◆ What the exercise asks
Wherever pictures occur in the entries below, leave them out and retype the rest exactly.

◆ Input data
________________
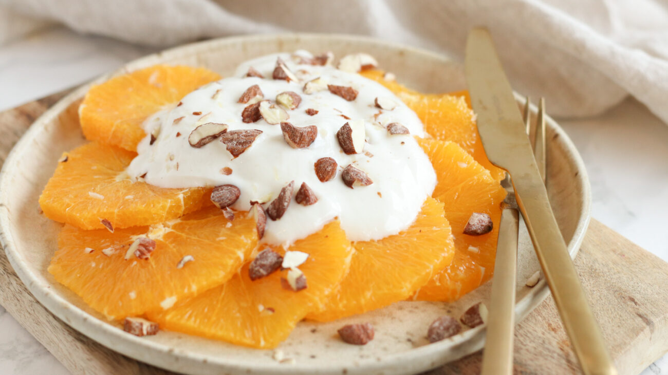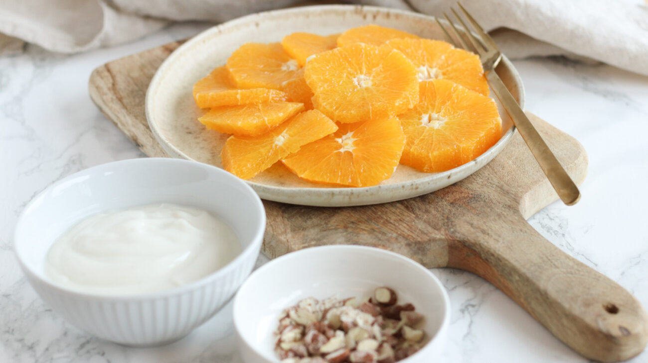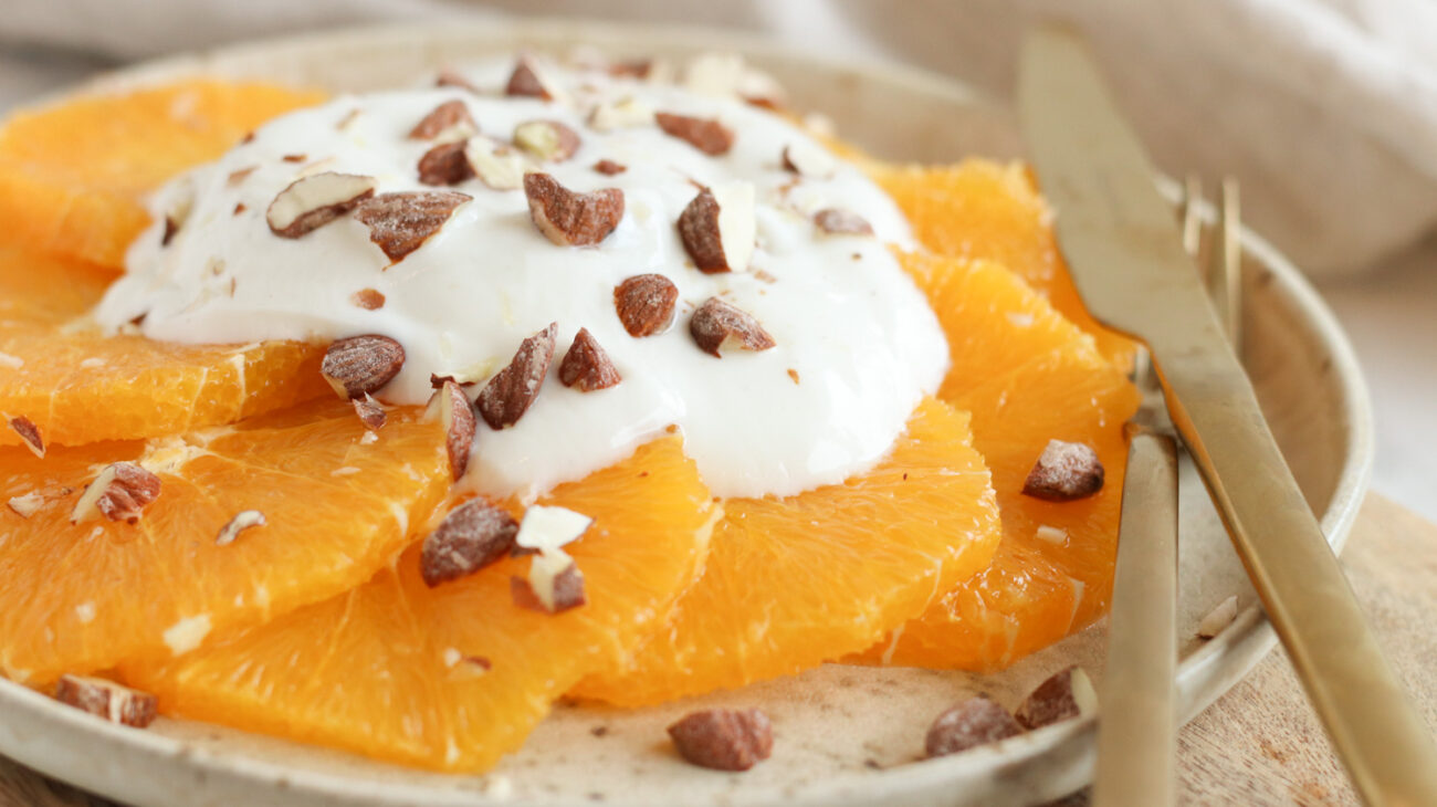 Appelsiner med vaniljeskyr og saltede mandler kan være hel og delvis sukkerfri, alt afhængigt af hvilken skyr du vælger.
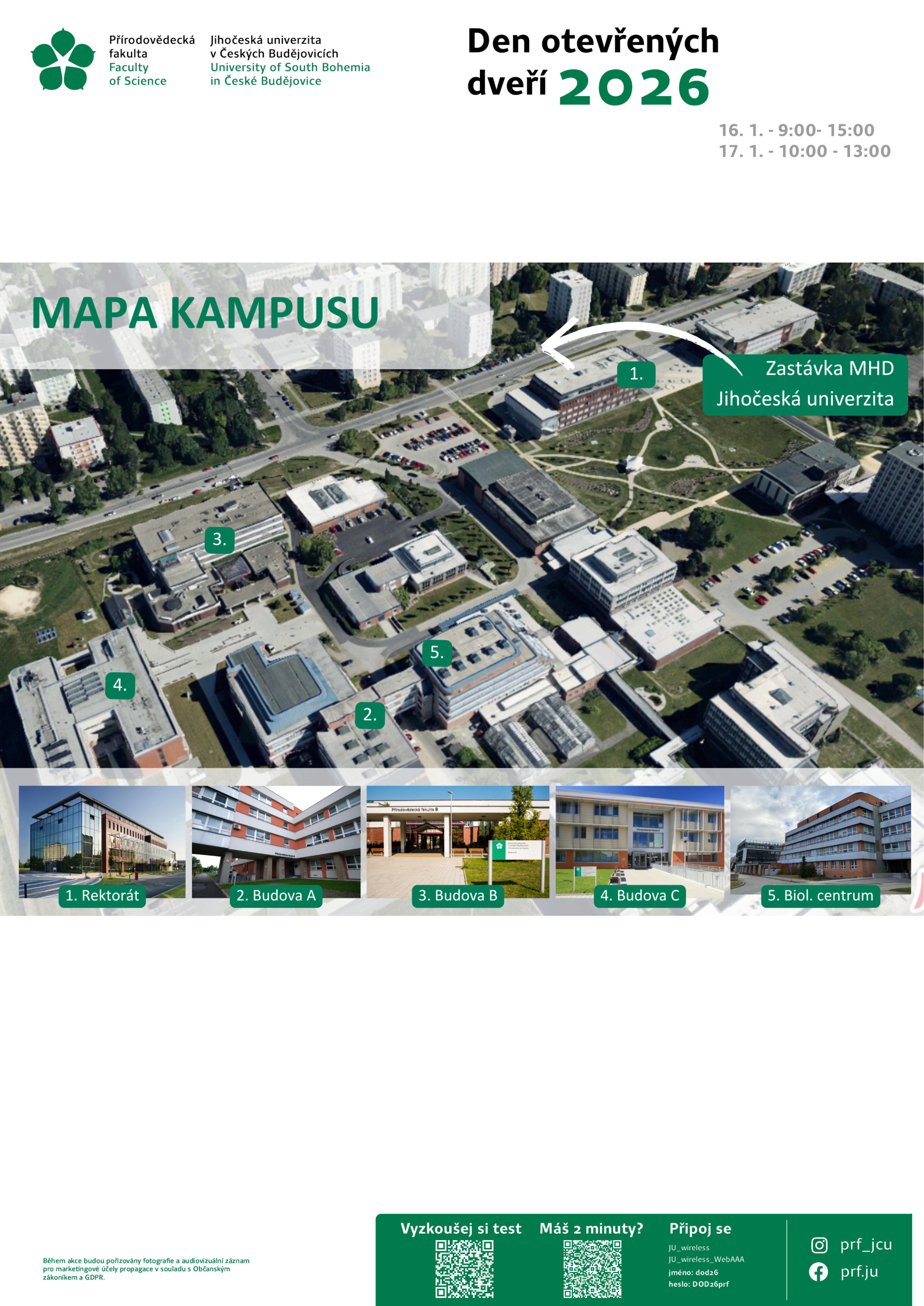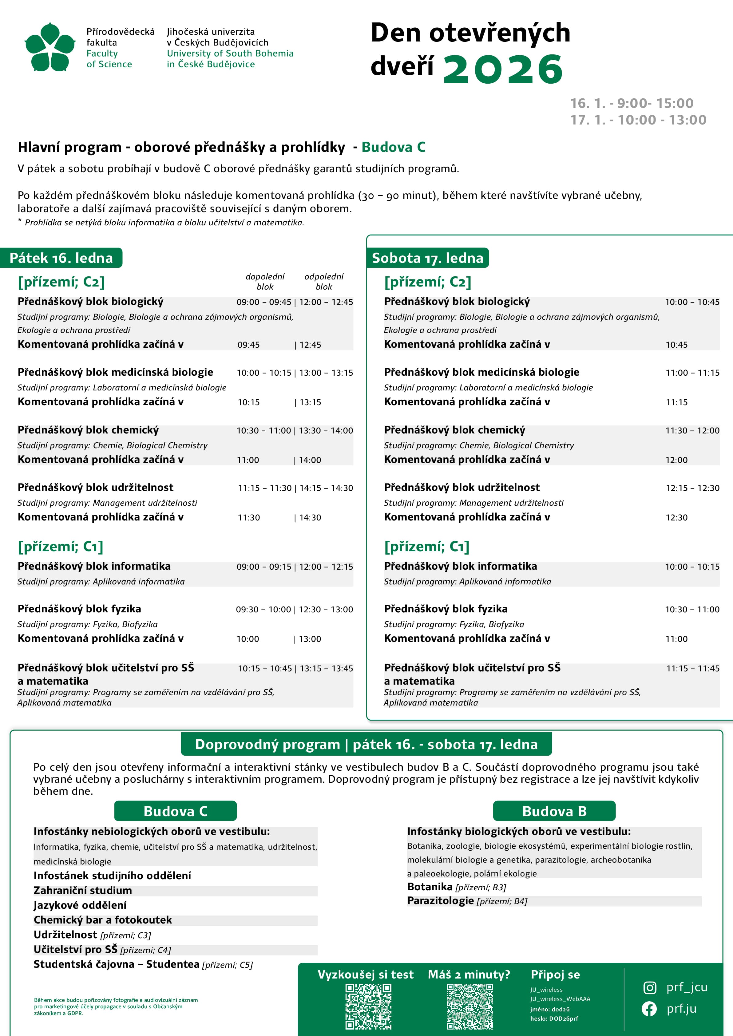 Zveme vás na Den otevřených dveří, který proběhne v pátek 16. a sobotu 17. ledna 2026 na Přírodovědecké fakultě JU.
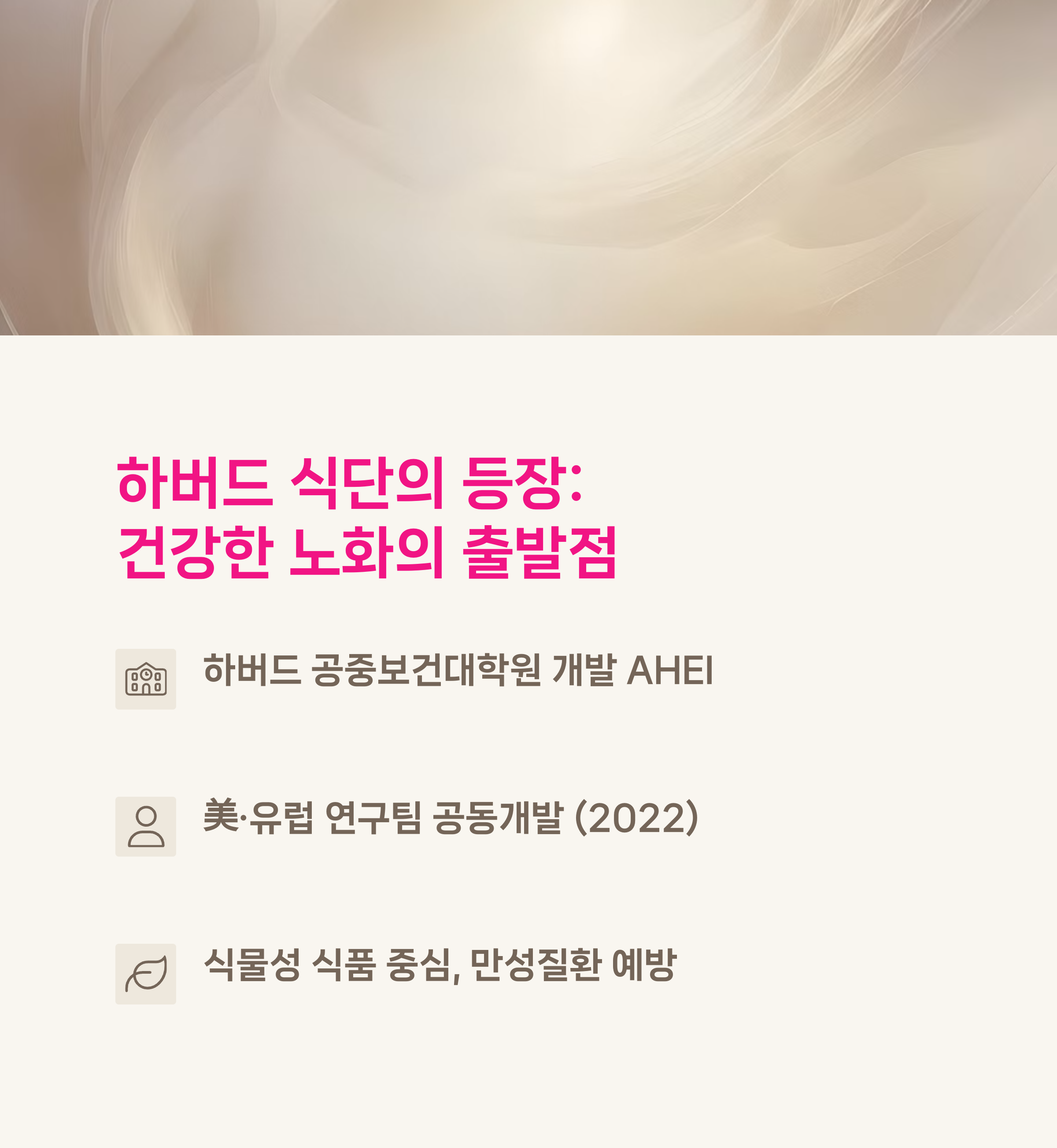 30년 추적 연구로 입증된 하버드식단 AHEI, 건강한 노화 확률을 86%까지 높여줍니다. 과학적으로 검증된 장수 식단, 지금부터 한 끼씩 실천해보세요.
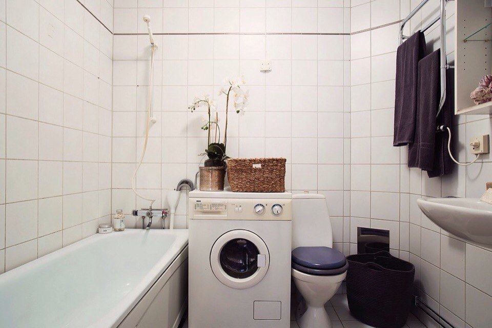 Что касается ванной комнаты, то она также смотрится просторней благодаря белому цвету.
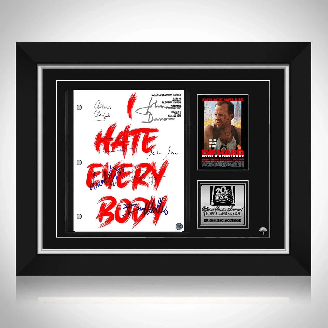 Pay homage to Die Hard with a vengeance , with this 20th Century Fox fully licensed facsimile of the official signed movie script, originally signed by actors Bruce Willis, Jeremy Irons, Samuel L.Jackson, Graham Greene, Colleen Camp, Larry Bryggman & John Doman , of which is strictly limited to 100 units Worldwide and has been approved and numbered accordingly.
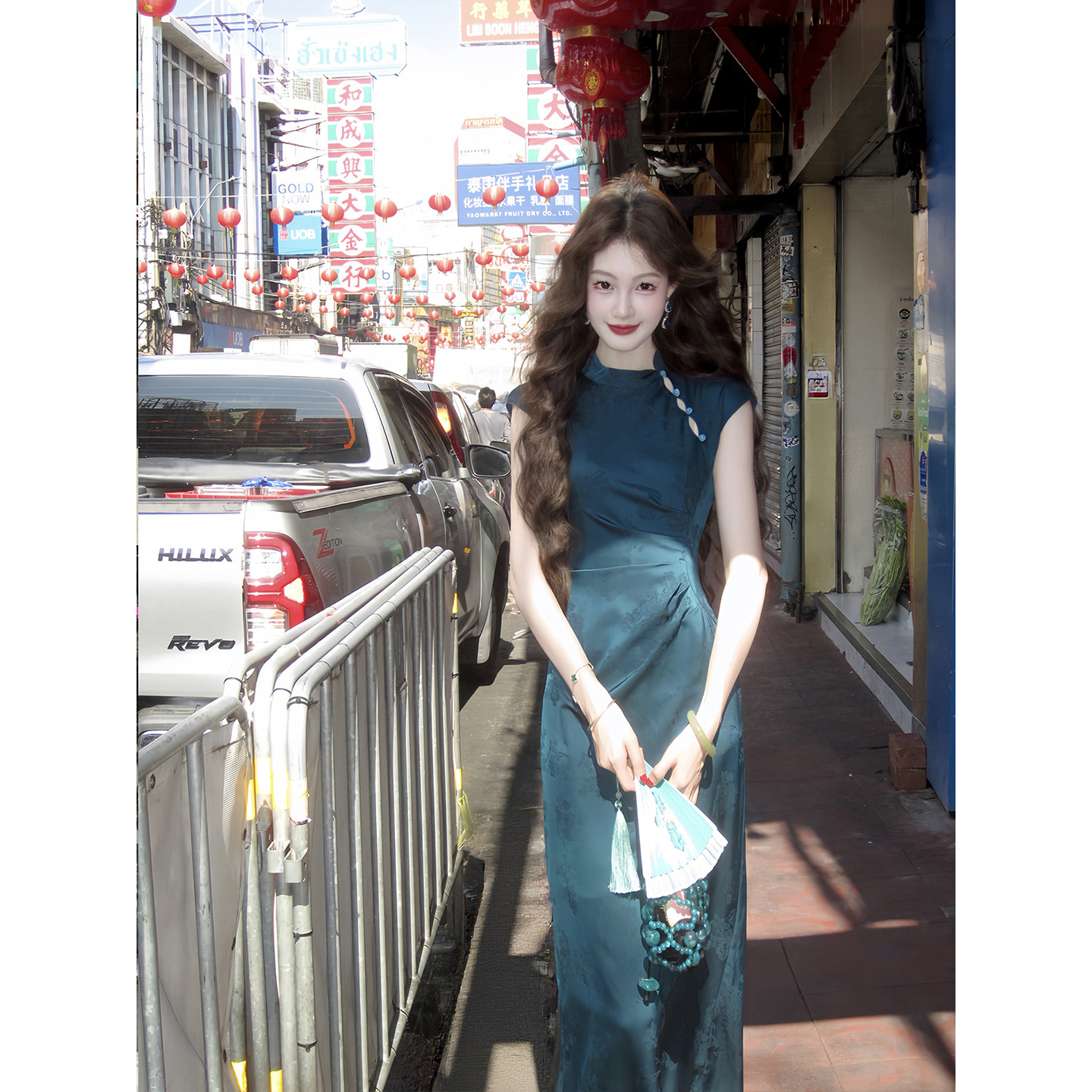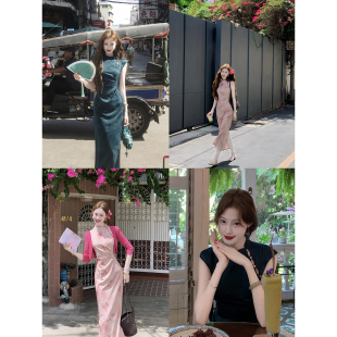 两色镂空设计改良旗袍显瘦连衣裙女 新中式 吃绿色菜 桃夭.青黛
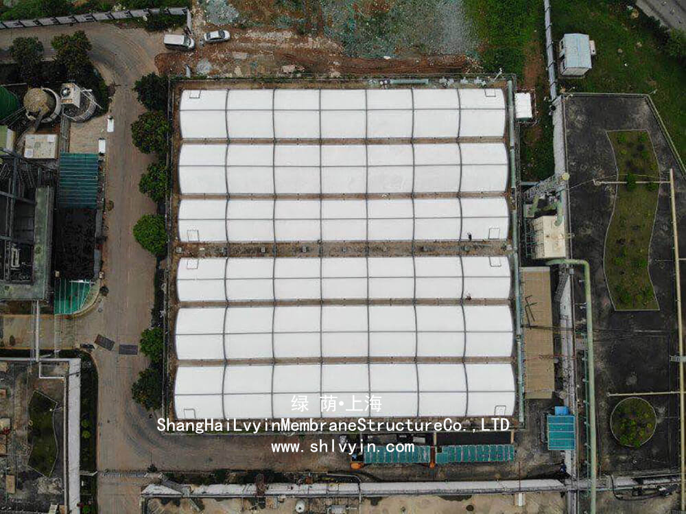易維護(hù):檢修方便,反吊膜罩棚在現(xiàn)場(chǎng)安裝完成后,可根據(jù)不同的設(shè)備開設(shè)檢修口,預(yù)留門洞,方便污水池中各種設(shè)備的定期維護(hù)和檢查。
________________
◆ Reply
 Appelsiner med vaniljeskyr og saltede mandler kan være hel og delvis sukkerfri, alt afhængigt af hvilken skyr du vælger.
 Zveme vás na Den otevřených dveří, který proběhne v pátek 16. a sobotu 17. ledna 2026 na Přírodovědecké fakultě JU.
 30년 추적 연구로 입증된 하버드식단 AHEI, 건강한 노화 확률을 86%까지 높여줍니다. 과학적으로 검증된 장수 식단, 지금부터 한 끼씩 실천해보세요.
 Что касается ванной комнаты, то она также смотрится просторней благодаря белому цвету.
 Pay homage to Die Hard with a vengeance , with this 20th Century Fox fully licensed facsimile of the official signed movie script, originally signed by actors Bruce Willis, Jeremy Irons, Samuel L.Jackson, Graham Greene, Colleen Camp, Larry Bryggman & John Doman , of which is strictly limited to 100 units Worldwide and has been approved and numbered accordingly.
 两色镂空设计改良旗袍显瘦连衣裙女 新中式 吃绿色菜 桃夭.青黛
易維護(hù):檢修方便,反吊膜罩棚在現(xiàn)場(chǎng)安裝完成后,可根據(jù)不同的設(shè)備開設(shè)檢修口,預(yù)留門洞,方便污水池中各種設(shè)備的定期維護(hù)和檢查。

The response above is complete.